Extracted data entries
━━━━━━━━━━
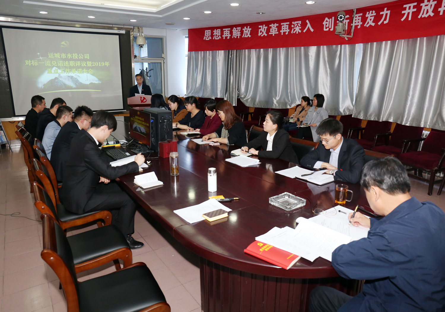會上,領(lǐng)導班子副職和黨辦、綜合辦、財務部、工程部主要負責人圍繞2018年年初承諾事項兌諾述職,就2019年重點工作向公司黨委、董事會和全體員工進行公開承諾。公司班子成員進行了點評,參會人員進行了述職測評。
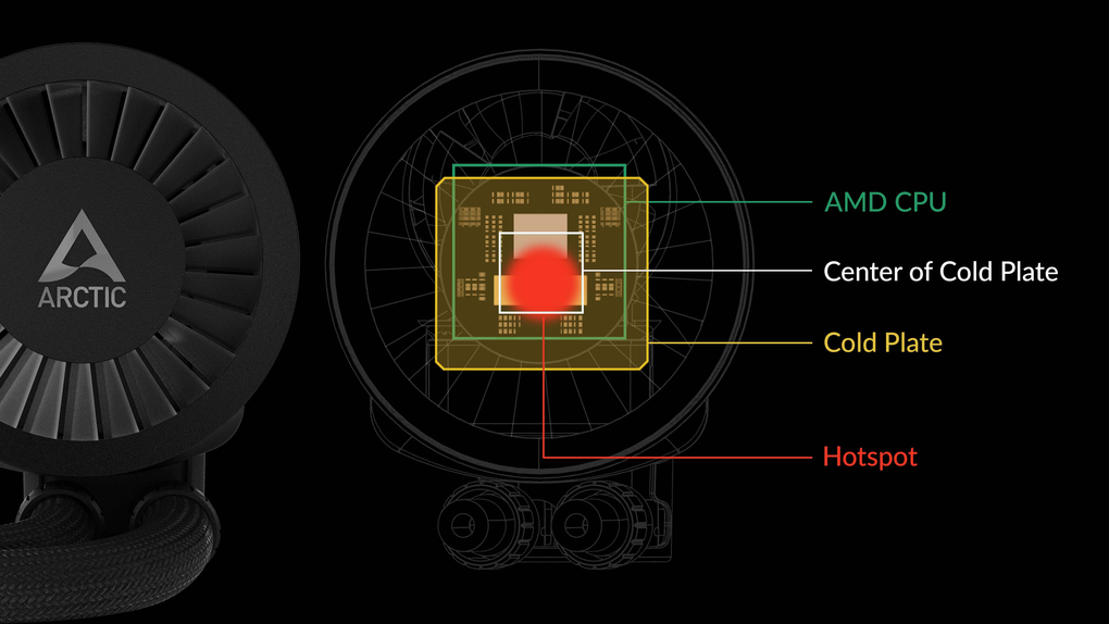 Az AMD több generáció óta multi-die chiplet kialakítást használ Ryzen asztali processzoraihoz. Az Intel processzorokkal ellentétben ezeken a processzorokon a hotspot nem az IHS alatt helyezkedik el, hanem kissé eltolva. Az AMD rögzítési megoldása ezért 5 mm-es eltolással rendelkezik az optimális hőelvezetés elérése érdekében.
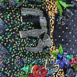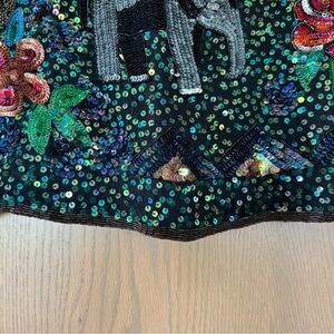 Black tank top with shimmering sequins. Features colorful floral and animal embroidery. Perfect for standout style.
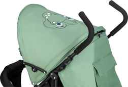 Wózek wyposażony jest w przestronny kosz do przechowywania i dużą regulowaną budkę z okienkiem, która chroni dziecko przed słońcem.
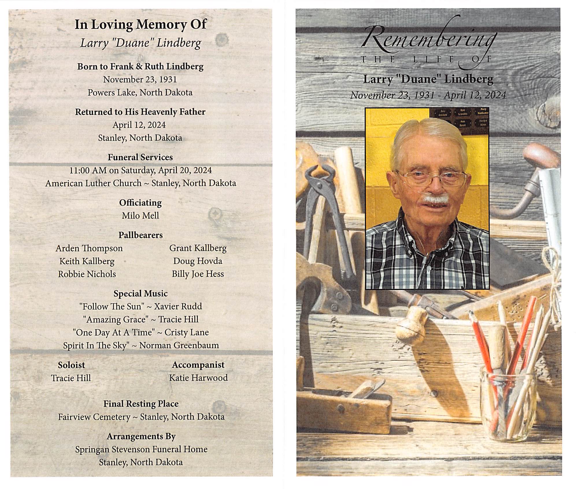 Larry “Duane” Lindberg, 92, of Stanley, ND, passed away on Friday, April 12, 2024, at the Mountrail Bethel Home in Stanley, ND.
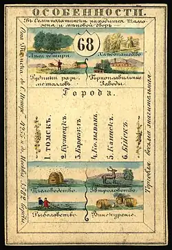 Animal husbandry developed.[8] In the Biysk Uezd, deer (mountain deer, Cervus maral) are bred.[12] Beekeeping played an important role, although it was carried out very irrationally. Part of the bee products is sent to the Irbit Fair. In addition to apiary beekeeping, there is also honey hunting.[12] Fisheries also developed.[8] Fishing is the main occupation of inorodtsy and partly of Russians.[12] Hunting and birding is in decline due to an increase in population, forest fires and the merciless extermination of animals and birds.[12] Of the birds, mainly the hazel grouse comes into trade.[12]
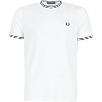 Fred Perry TWIN TIPPED T-SHIRT men T shirt in White , Available in men's sizes. XXL. Free Next Day Delivery and Free Returns on all orders! (EAN:5034604845717) - Manufacturers part numbers: Fred Perry_M1588V-100=M1588-100|M1588-100-2XL
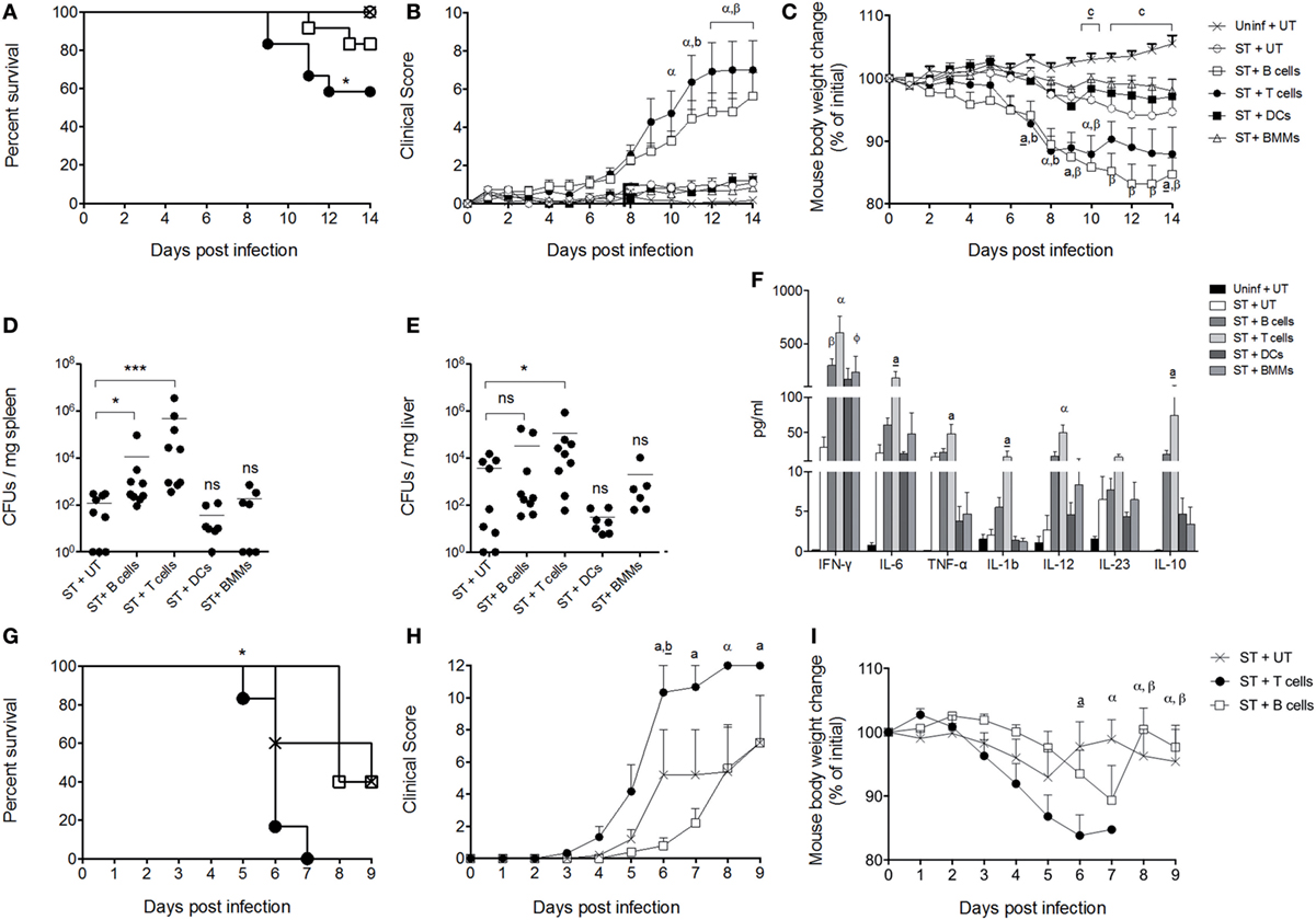 Figure 4. Interleukin-10 (IL-10) production by T cells enhances the severity of the infection caused by S. Typhimurium in mice. Dendritic cells (DCs), BM macrophages, B cells, and T cells isolated from wild-type (WT) mice (1 × 106 cells) were adoptive transferred to IL-10−/− recipient mice. Twenty-four hours after cell transfer, recipient mice were orally infected with 1 × 105 CFU of S. Typhimurium. Then survival rate (A), clinical score (B), and weight loss (C) of DCs (ST + DCs), BMM (ST + BMMs), B cells (ST + B cells), and T cells (ST + T cells) recipient mice were followed over 14 days. As controls, uninfected/untransferred (Uninf + UT) and infected/untransferred (ST + UT) groups were added. After 5 days of infection, bacterial burden was evaluated in (D) spleen and (E) liver in eight randomly selected DCs, BMM, B cells, and T cell recipient mice. After 14 days of infection, serum of DCs, bone marrow-derived macrophages (BMM), B cells, and T cell recipient mice was obtained and cytokine production was evaluated by Luminex (F). B cells and T cells isolated from WT mice were adoptively transferred to Rag.1−/− mice. Twenty-four hours later, mice were orally infected with 1 × 105 CFU of S. Typhimurium, and survival (G), clinical score (H), and weight loss (I) were evaluated for 9 days. For CFUs and cytokine quantification in vivo *P < 0.05, ***P < 0.0001 by Kruskal–Wallis test compared with ST + UT mice (IL-10−/− mice infected untransferred). Statistical analysis of cytokine production is indicated by letters in the figure and was performed using two-way ANOVA with Bonferroni post-test. a: *P < 0.05; a: **P < 0.01; α,β: ***P < 0.0001; represents IL-10−/− mice infected and transferred with T (a, a, α) and B cells (b, β), respectively, compared with ST + UT mice. ɸ: *P < 0.05; IL-10−/− mice infected and transferred with BMMs compared with ST + UT mice. *P < 0.05 log-rank test was performed for survival curves; body weight changes and clinical score were analyzed using two-way ANOVA with Bonferroni post-test. IL-10−/− mice infected and transferred with T (a, a, α) and B cells (b, b, β) were compared with ST + UT mice, respectively. Statistical significance was indicated by letters. a,b: *P < 0.05; a,b: **P < 0.01; α,β: ***P < 0.0001. Comparison between Uninf + UT mice and ST + UT mice was represented as c: *P < 0.05; c: ***P < 0.0001.
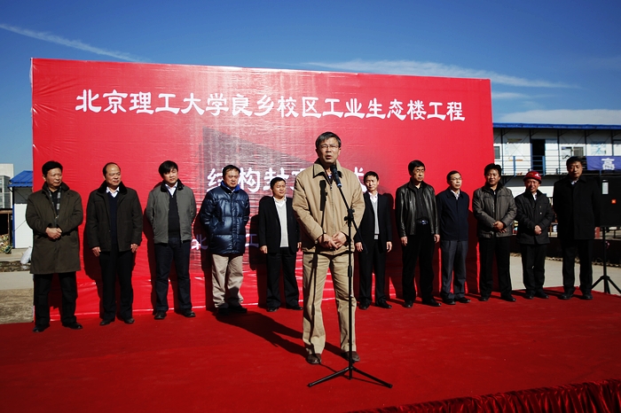 參加工業生態樓封頂儀式的領導分別代表良鄉高教園區、設計、施工、監理和業主單位發言。趙平副校長代表學校對辛勤施工的參建人員表示衷心感謝,對工程實現結構封頂和取得的成績表示祝賀,勉勵施工企業和監理單位再接再勵,把工業生態樓鑄造成北京理工大學的精品工程。
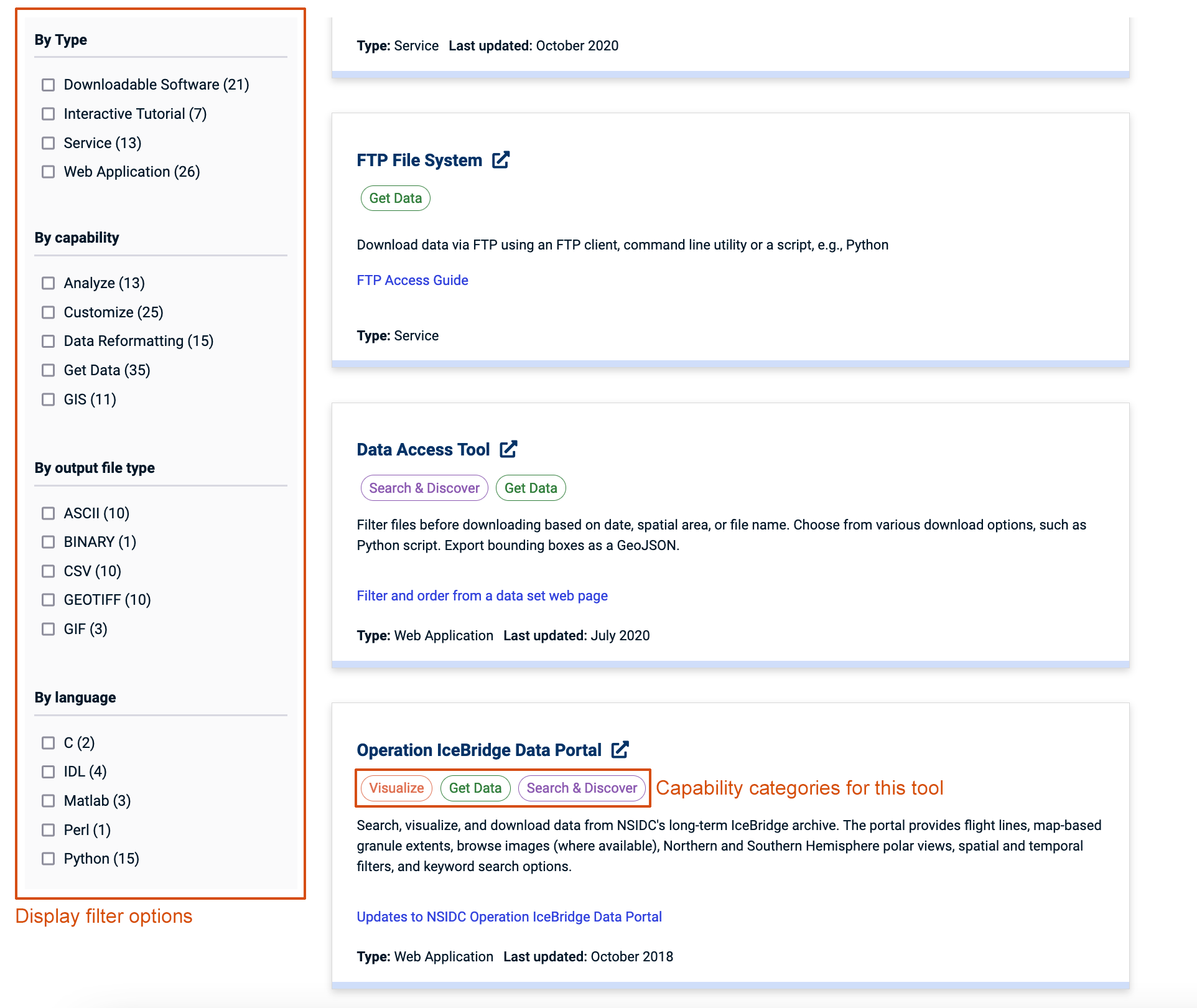 NSIDC’s Data Tools catalogue provides the main portal to the tools NSIDC offers—roughly 60 different offerings—and the page’s display can be filtered by the tool type, capability, output file type, and coding language. Each tool displayed shows its capability categories, allowing users to search by data-use function.
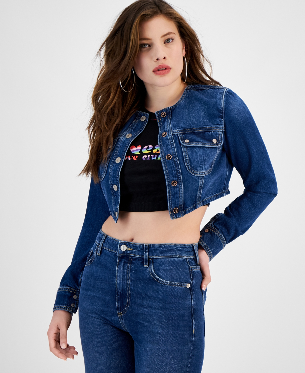 Payetli logo grafiği, Guess'in bu şık kırpılmış denim ceketinin arkasına ışıltı ve parlaklık getiriyor. Kadın Kadın Giyim - Ceketler.
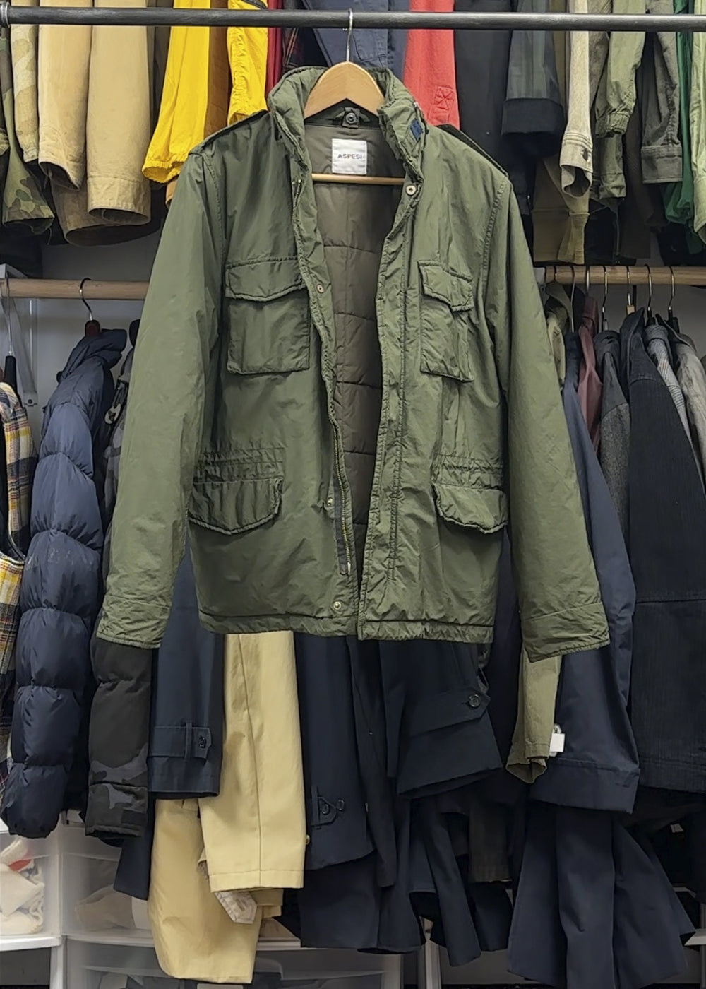 A piece from Jacob's, our co-founder, personal collection. Italian-made military-inspired jacket with a removable liner. 100% Polyester.Measurements:Chest – 23”HPS – 28.5”
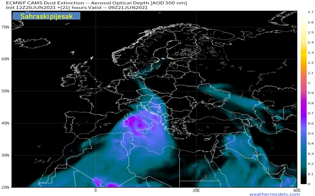 Od sutra (21.06.) idemo pod okrilje afričkog vrućeg zraka koji će nam donijeti neugodan i dosta vreo sutrašnji dan ali i dane poslije.
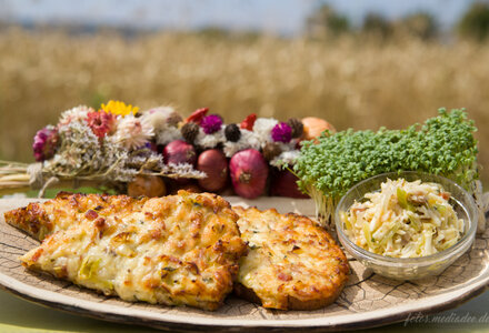 Das Weimarer Zwiebelbrot ist eine gelungene Komplettierung für den kleinen Appetit und passt sowohl zum frisch gezapftem Bier als auch zum Schoppen Wein.
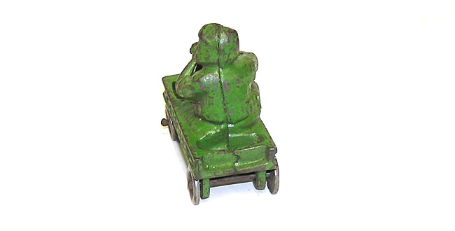 Rare Hubley "Coaster" Cast Iron Boy in Wagon ToyHere is a neat early toy - rarely seen - from Hubley. This is "Coaster" Boy Cast in Wagon cast iron toy. Stamped wheels and 'Hubley" clearly marked underneath. The toy measures 3-3/4" long. It is in great condition for this toy. No breaks, cracks or repairs of any kind. Don't miss this one Price: $350 SORRY! SOLD!
━━━━━━━━━━
■ Task directions ■
Your copy must start at the line that holds "Od sutra (21.06.)" and end at the last line of the data, both included; it must contain no pictures.

■ Answer space ■
 Od sutra (21.06.) idemo pod okrilje afričkog vrućeg zraka koji će nam donijeti neugodan i dosta vreo sutrašnji dan ali i dane poslije.
 Das Weimarer Zwiebelbrot ist eine gelungene Komplettierung für den kleinen Appetit und passt sowohl zum frisch gezapftem Bier als auch zum Schoppen Wein.
 Rare Hubley "Coaster" Cast Iron Boy in Wagon ToyHere is a neat early toy - rarely seen - from Hubley. This is "Coaster" Boy Cast in Wagon cast iron toy. Stamped wheels and 'Hubley" clearly marked underneath. The toy measures 3-3/4" long. It is in great condition for this toy. No breaks, cracks or repairs of any kind. Don't miss this one Price: $350 SORRY! SOLD!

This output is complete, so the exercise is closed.